ACTION ITEM — Copy out the data below from the line containing "Оттенки зеленого: названия" to the line containing "El italiano Gianmaria", both lines included, with all images left out.

EXTRACTED DATA START

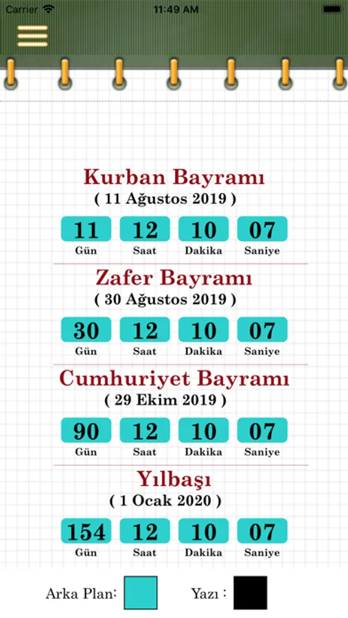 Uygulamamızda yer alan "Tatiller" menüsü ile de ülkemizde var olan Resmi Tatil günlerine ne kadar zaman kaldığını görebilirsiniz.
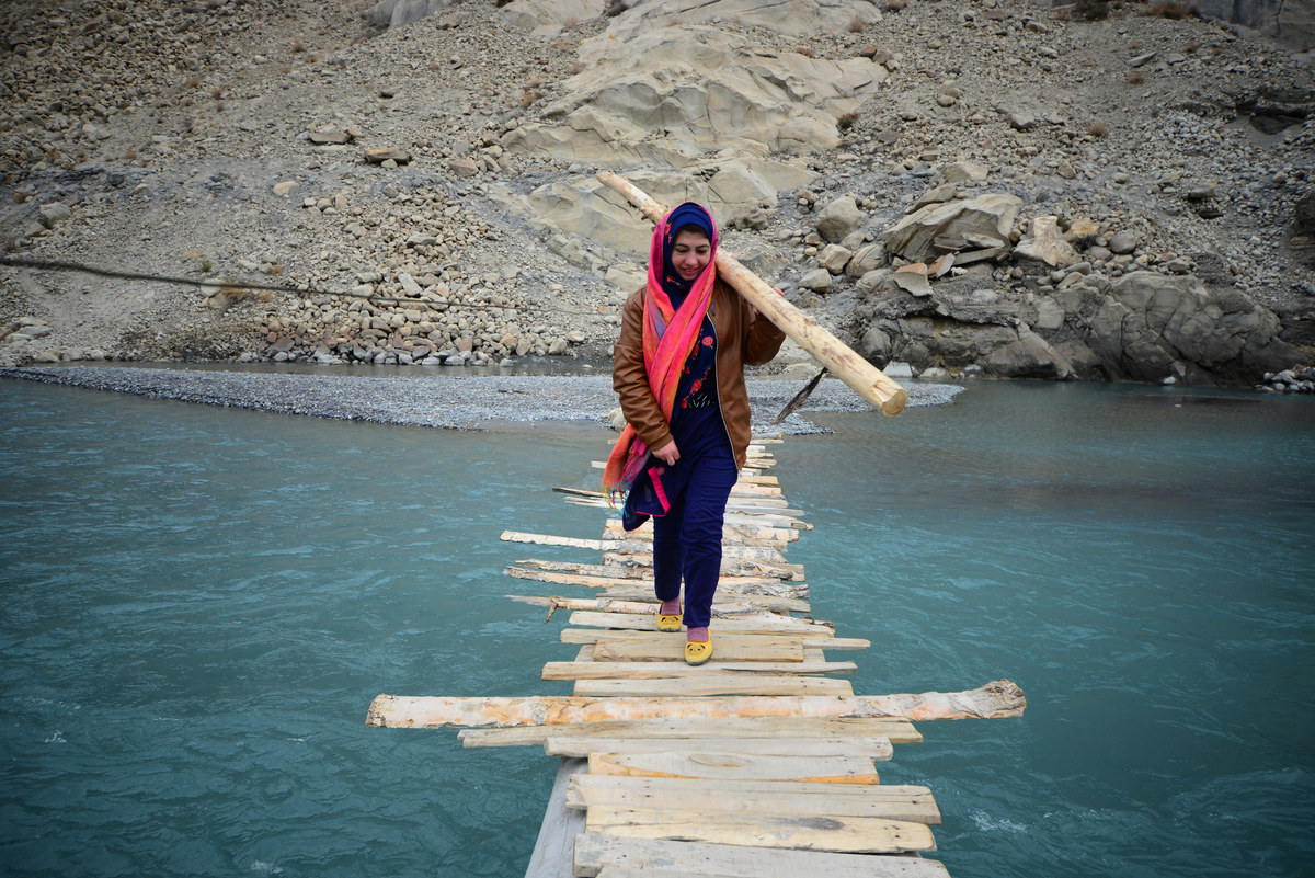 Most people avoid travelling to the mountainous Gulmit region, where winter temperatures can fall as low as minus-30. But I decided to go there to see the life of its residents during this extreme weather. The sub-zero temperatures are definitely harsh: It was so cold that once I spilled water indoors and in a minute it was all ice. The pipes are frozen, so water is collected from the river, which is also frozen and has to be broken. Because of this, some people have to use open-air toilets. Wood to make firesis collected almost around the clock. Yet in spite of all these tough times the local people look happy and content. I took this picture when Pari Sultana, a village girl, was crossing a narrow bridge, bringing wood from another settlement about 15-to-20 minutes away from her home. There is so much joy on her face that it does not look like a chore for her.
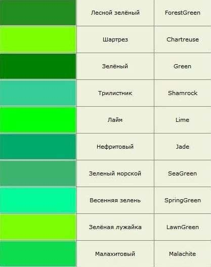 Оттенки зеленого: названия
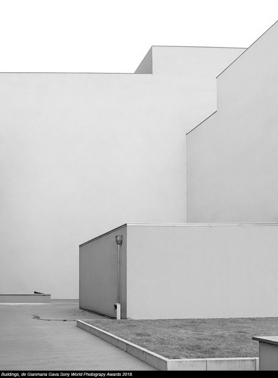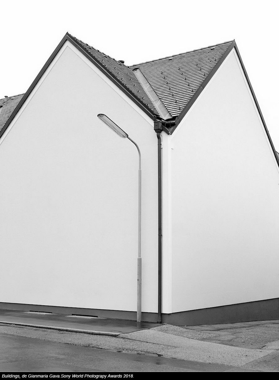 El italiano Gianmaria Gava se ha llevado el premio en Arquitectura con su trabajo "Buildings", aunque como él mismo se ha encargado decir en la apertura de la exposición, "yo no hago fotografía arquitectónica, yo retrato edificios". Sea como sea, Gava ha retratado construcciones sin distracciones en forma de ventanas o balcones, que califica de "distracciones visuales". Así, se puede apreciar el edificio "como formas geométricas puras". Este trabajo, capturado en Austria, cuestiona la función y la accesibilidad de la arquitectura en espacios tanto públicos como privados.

EXTRACTED DATA END
EXTRACTED DATA START

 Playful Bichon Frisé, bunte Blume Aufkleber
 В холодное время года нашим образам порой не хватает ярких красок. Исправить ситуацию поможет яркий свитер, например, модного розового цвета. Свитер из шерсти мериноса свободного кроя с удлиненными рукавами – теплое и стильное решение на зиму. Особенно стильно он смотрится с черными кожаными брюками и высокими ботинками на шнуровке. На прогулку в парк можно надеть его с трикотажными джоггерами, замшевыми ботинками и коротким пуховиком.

EXTRACTED DATA END

OUTPUT FOR THIS TASK —
 Оттенки зеленого: названия
 El italiano Gianmaria Gava se ha llevado el premio en Arquitectura con su trabajo "Buildings", aunque como él mismo se ha encargado decir en la apertura de la exposición, "yo no hago fotografía arquitectónica, yo retrato edificios". Sea como sea, Gava ha retratado construcciones sin distracciones en forma de ventanas o balcones, que califica de "distracciones visuales". Así, se puede apreciar el edificio "como formas geométricas puras". Este trabajo, capturado en Austria, cuestiona la función y la accesibilidad de la arquitectura en espacios tanto públicos como privados.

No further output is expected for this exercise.